Детство его прошло на этих полях. Подобно фавну этот мальчик трубил в рог в тени пещер, и его простым песням вторили ущелья. Нередко его побивал град, чаще камни рассекали ему лицо, холод и солнце обжигали его грудь, как склон горы. Знал он схватки с диким зверьем и с теми, кто под гром ружей угонял стада, похищал женщин и детей.

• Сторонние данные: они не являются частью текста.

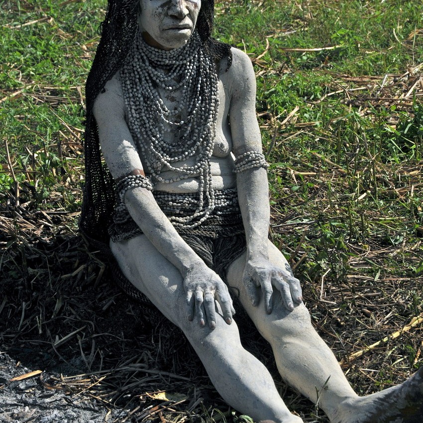 Comment comprendre cet assujettissement, cette mise en scène de la douleur à l’occasion d’un show festif sinon peut être encore par une glorification de l’homme ? Comment comprendre aussi, alors qu’en Papouasie la couleur blanche est associée à la mort et au deuil, que d’autres veuves se couvrent le corps d’un onguent à base d’huile de palme et de charbon de bois ?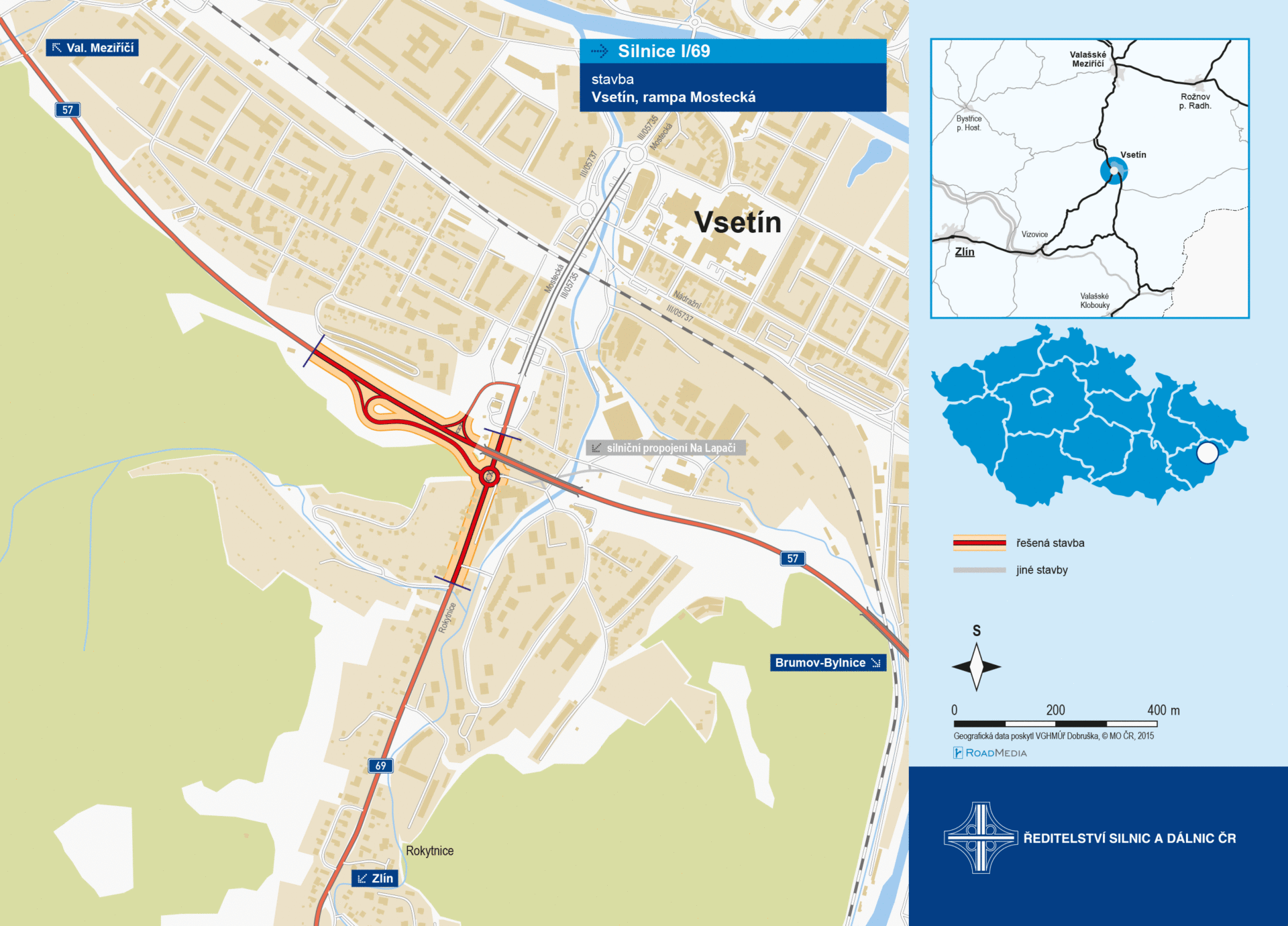 Vzhledem k postupu prací na stavbě „I/69 Vsetín, rampa Mostecká“ upozorňujeme na plánované změny ve vedení provozu. Od 18. 9. do listopadu bude provoz na silnici I/69 v místní části Rokytnice zredukován do jednoho jízdního pruhu a budou ho řídit semafory.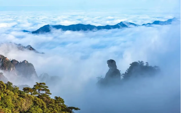 三清山有“小黃山”之稱,是著名的道教名山。這里的景色也有幾分仙氣,能看漂亮的云海,欣賞山間惟妙惟肖的奇石,還能走上高空棧道賞景。
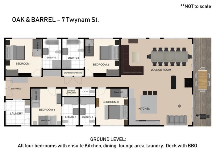 Leah H - 21st June 2022We travelled as a group of 4 families. We all loved the kitchen and really appreciated that each bedroom had its own ensuite. We highly recommend this accommodation and we look forward to staying here again.
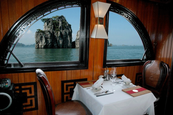 1.30 –3 15.00 : Have lunch while cruising to magnificent Bai Tu Long bay; admire the fascinating formations on the way.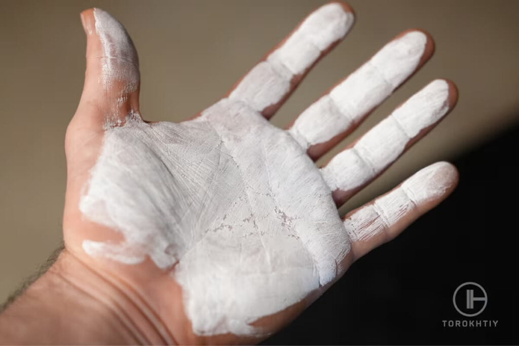 This particular quality “sticks” the substance to the hands and provides a long-term effect. Apart from that, some producers use more additives such as limestone, drying agents, and even essential oils to bring up new properties.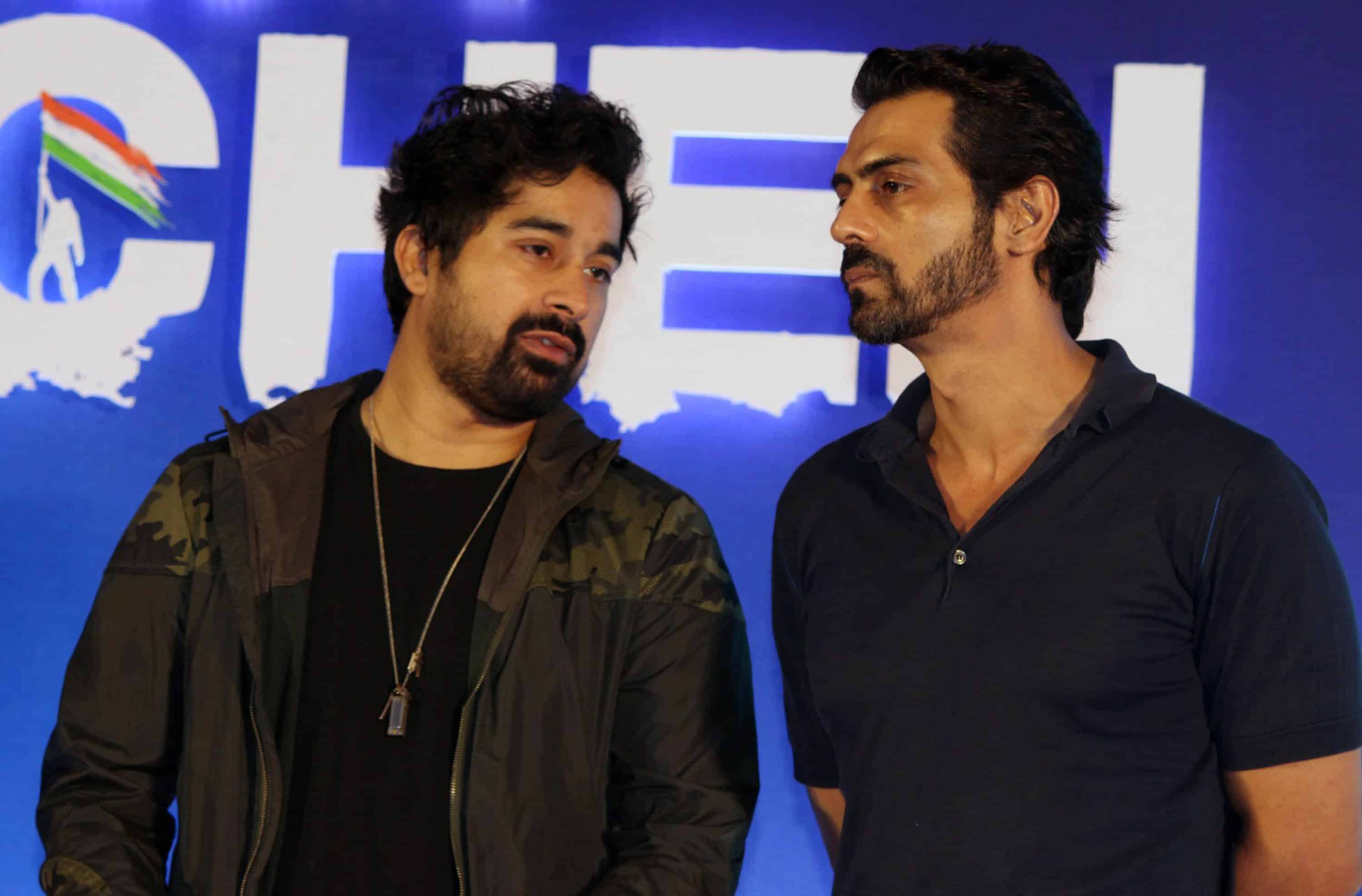 MUMBAI, AUG 11 (UNI):- Bollywood actor Arjun Rampal (R) and television actor Rannvijay Singh during a special announcement of Salute Siachen, in Mumbai on Wednesday night. UNI PHOTO -13u
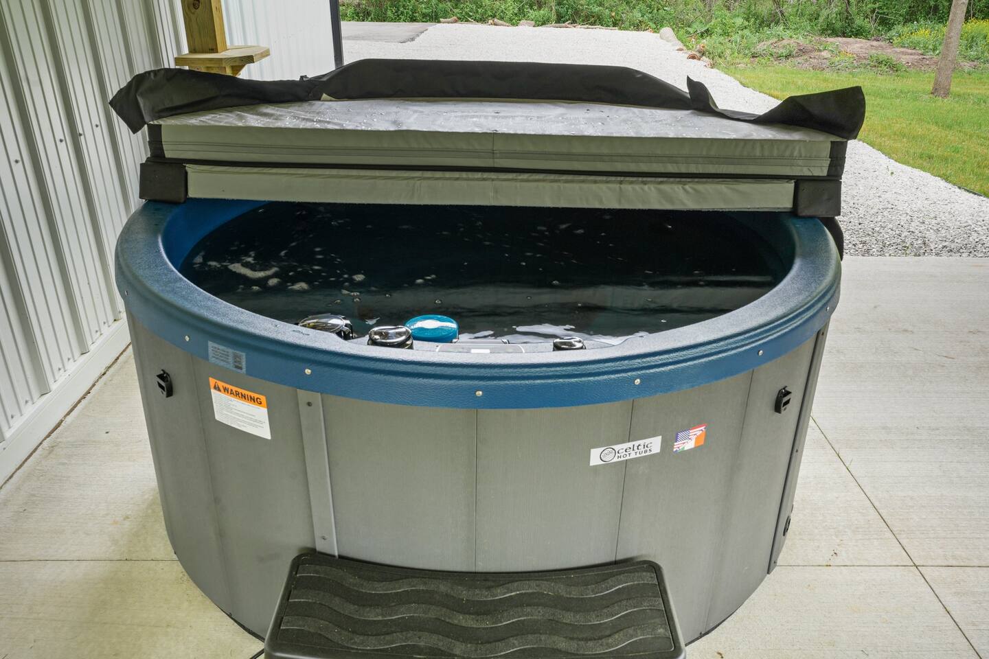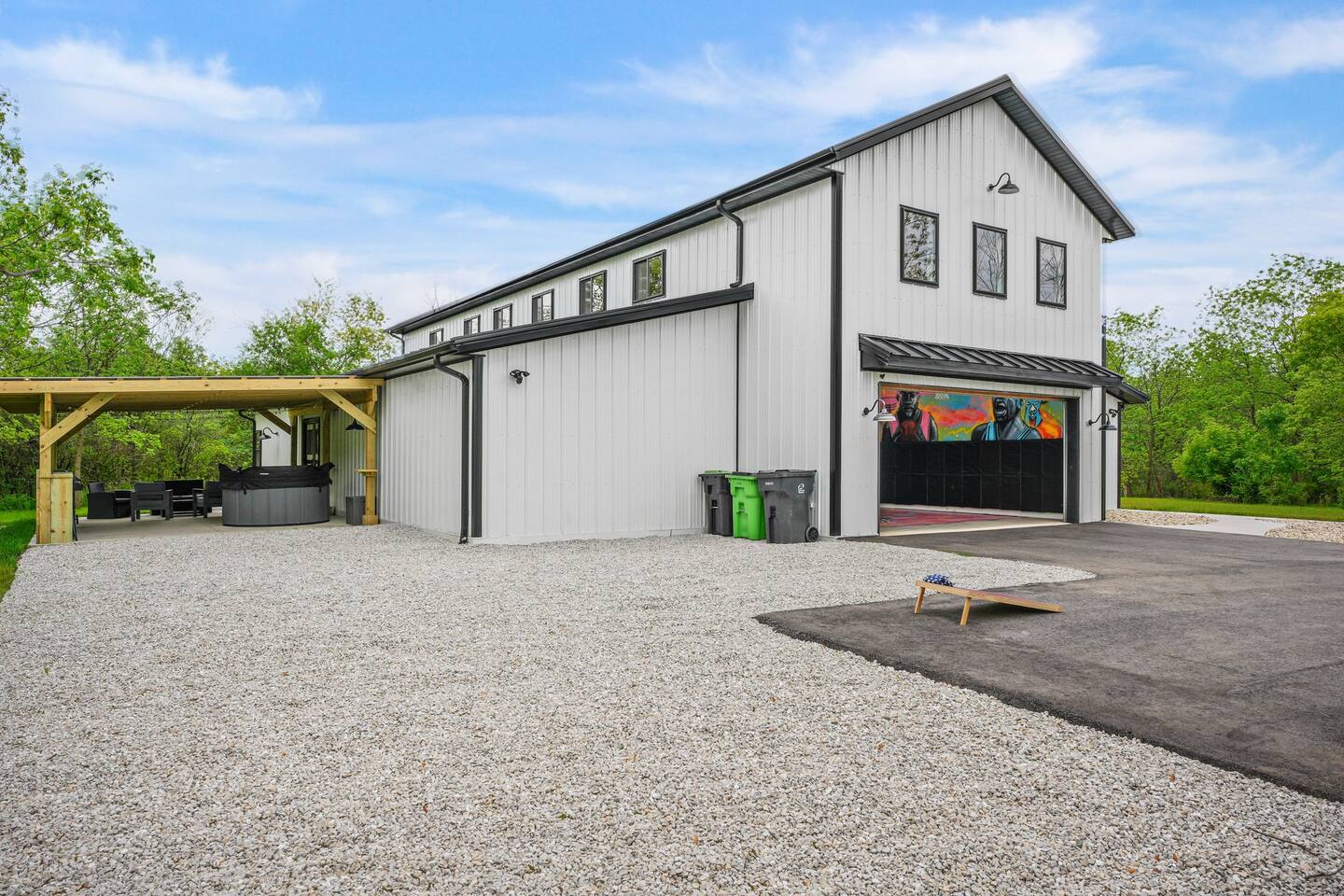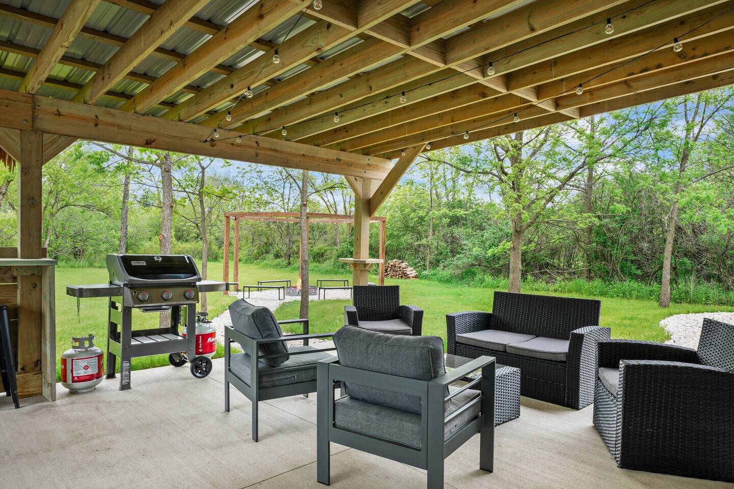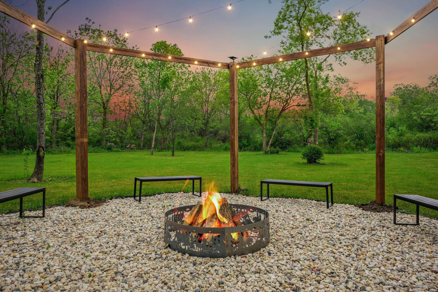 ★ The hot tub, fire pit, patio, covered pergola, grill, lounge, and outdoor dining space is located on the rear side of the barn before the backyard.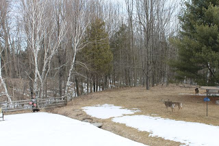 The other day, with the snow melting, Buster was looking for the field mice on top of the septic system! I saw him walking directly towards the deer.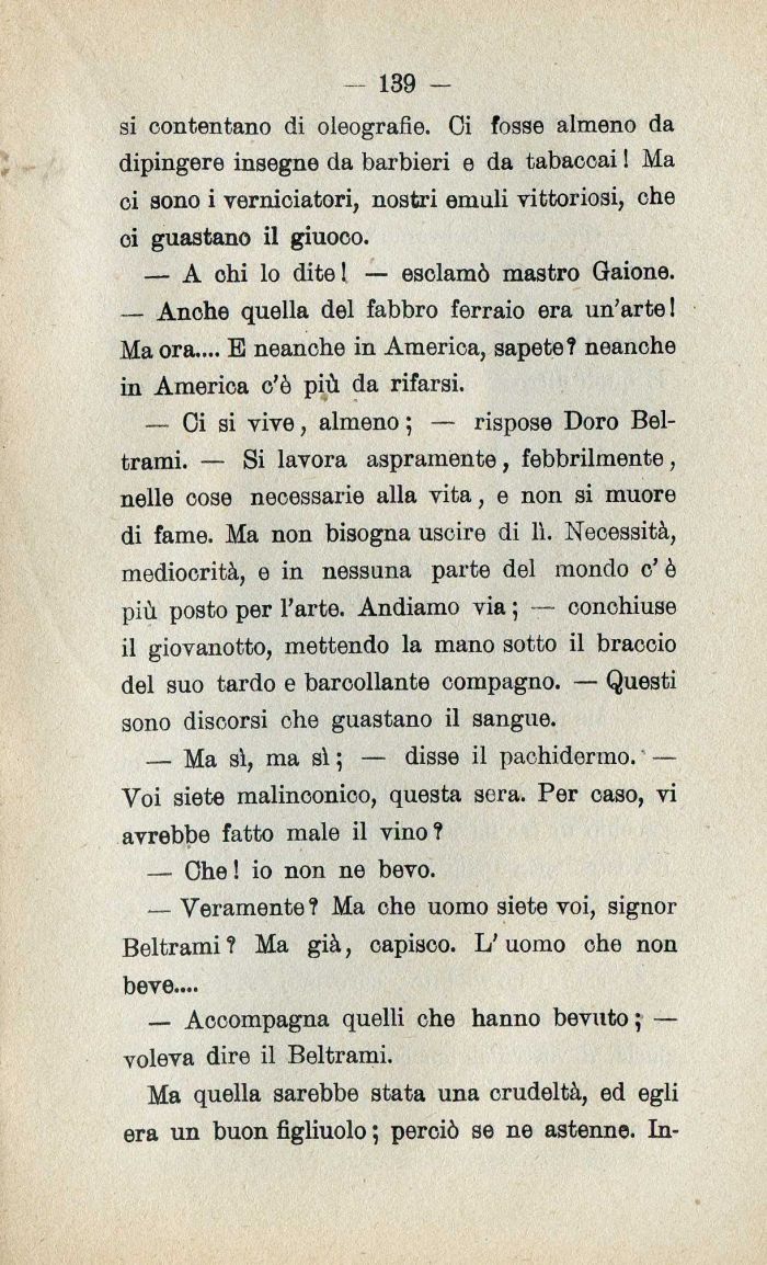 — Oi si vive| almeno ; — rispose Doro Beltrami. — Si lavora aspramente| febbrilmente| nelle cose necessarie alla vita| e non si muore di fame. Ma non bisogna uscire di lì. Necessità| mediocrità| e in nessuna parte del mondo c' è più posto per l'arte. Andiamo via ; — conohiuse il giovanotto| mettendo la mano sotto il braccio del suo tardo e barcollante compagno. — Questi sono discorsi che guastano il sangue.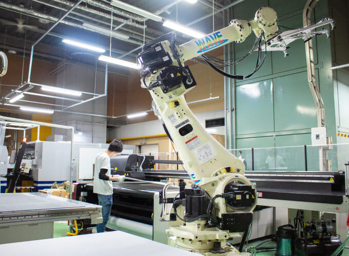 従業員数が最も多い事業所です。管理部門、製造部門(印刷・加工、ロボット・メカトロ開発部)、クリエイティブ部門があります。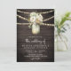 Rustic Wood White Roses Mason Jar QR Code Wedding Invitation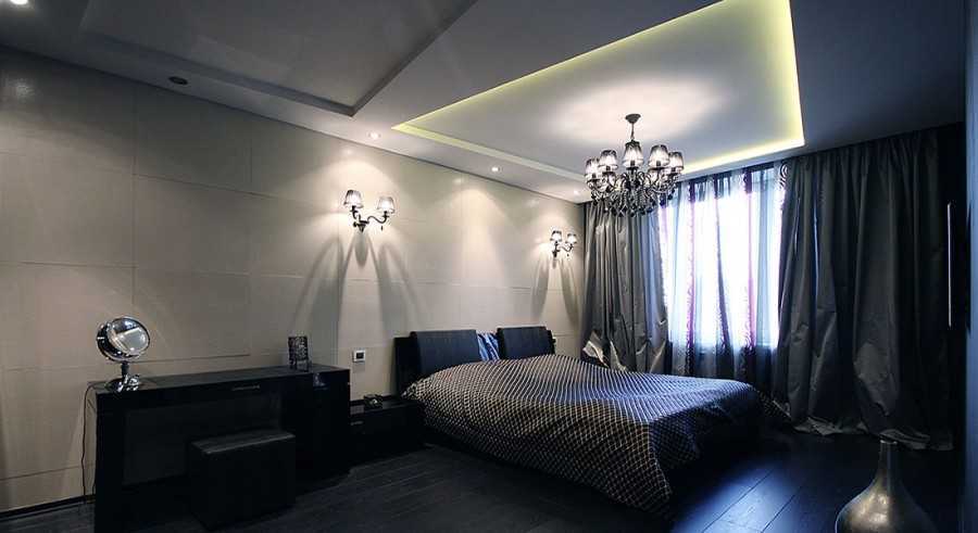 В дизайне малогабаритной 3-комнатной квартиры выстроена интересная световая схема: под карнизами — подсветка, яркое освещение у туалетного столика, светильники у кровати и общее мягкое освещение с помощью встроенных в потолок светильников.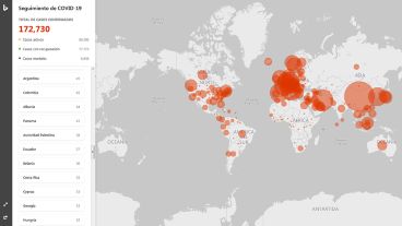 El sitio se puso online este domingo y se puede acceder a través de www.bing.com/covid. La herramienta creada por Microsoft permite seguir la evolución de la pandemia país por país.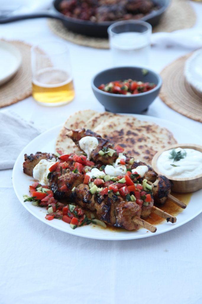 2. Shish pule me kos aromatik, sallatë dhe pita të lehta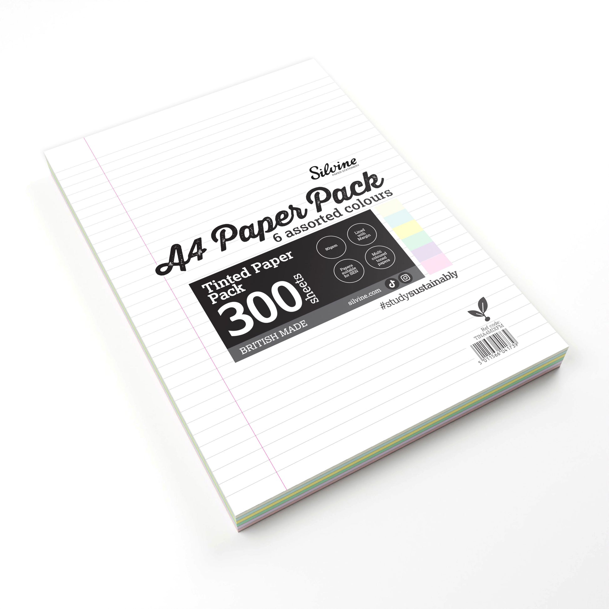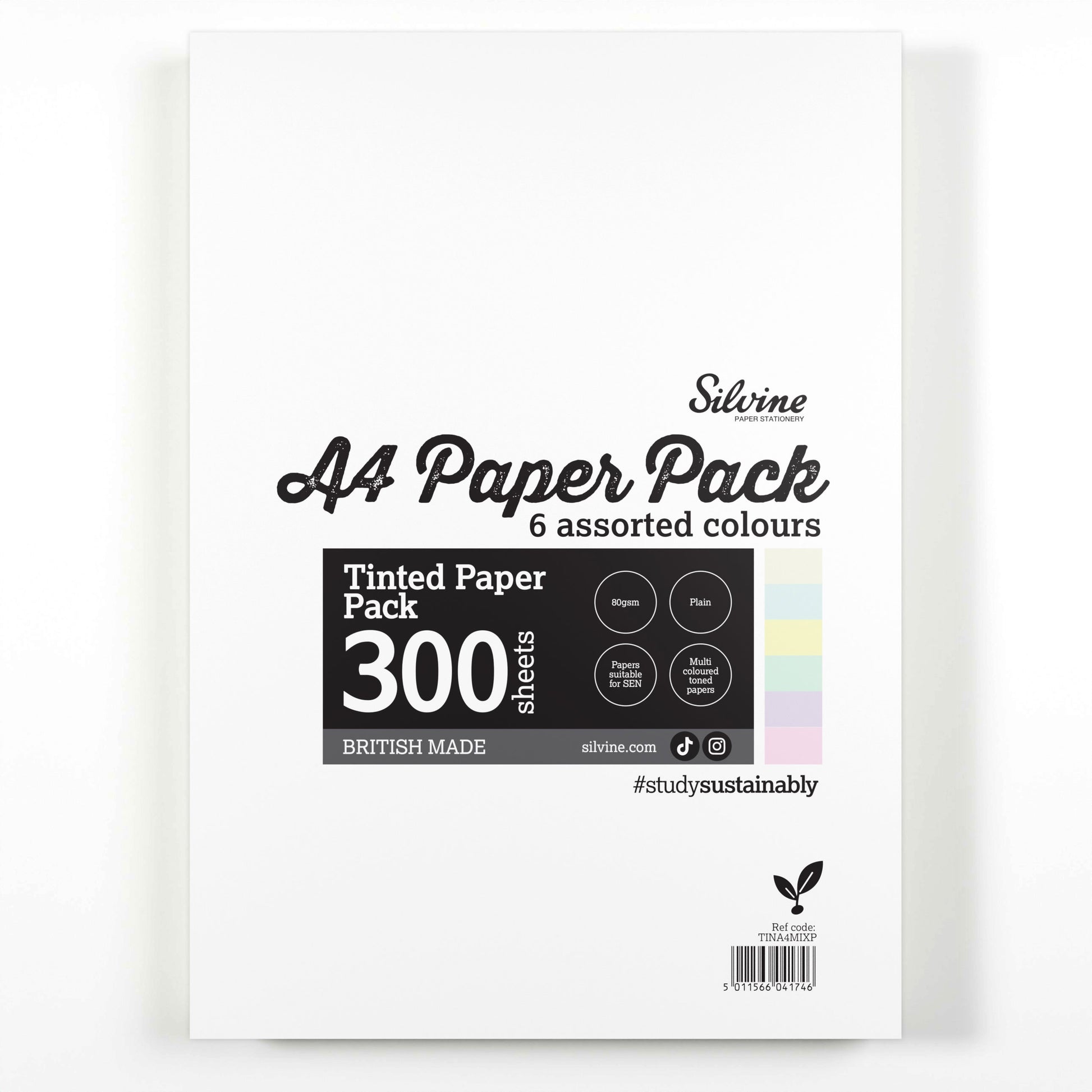 Silvine A4 Tinted Paper Pack – 300 Sheets 6 Colours
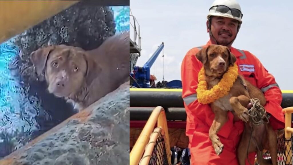 When you’re working on an oil rig in the middle of the ocean, you expect to see the occasional whale or dolphin swimming by, but a stray dog? Not so much.

Ему казалось, что он будет жить на скалах до скончания дней, как жили деды его, растить просо, спускаться в ущелья — собирать фрукты и дрова, а долгими зимами слушать древние сказы, в которых живут Дзенов Оган, Мысра Мелик и Тлор Манук.
Но разразилась война, его призвали, начались насилия, были преданы огню села равнин, поджигатели по ущельям добрались до горных вершин, до убогих хижин, и загремели ружья, и засверкали клинки, и вместо туч спустился на скалы пепел горящих сел. Пламя добежало до начавших желтеть полей, и огонь сожрал и семена и самого сеятеля.
Азро взял жену свою и дочурку и по краю обрывов, по тропам над пропастями, прошел с одной горы на другую, пробираясь от одной пещеры к другой, каких только трав не перепробовал, каких только диких ягод не ел — и усталый, не скрывая застоявшегося в глазах страха, подался к югу, шел под видом курдского пастуха, рыскал подобно волку голодному, пока не пришел в незнакомую страну, где не было ни гор, ни чистых родников. Жаркая равнина встретила его мутными, желтыми реками, в водах которых потерялись те голубые ручейки, что сбегали из-подо льдов гор его родины.
Он достал свирель, рождающую звуки абрикосовых зорь, ту красноватую свирель, на которой наигрывал песни синих гор, и пальцы его коснулись этой абрикосовой свирели. Обожженными зноем губами припал Азро к устам своей свирели, точь-в-точь как припадал Дома к глиняным устам кувшинов-дораков. И песня его булькала как вода, песня гор — посреди знойной пустыни.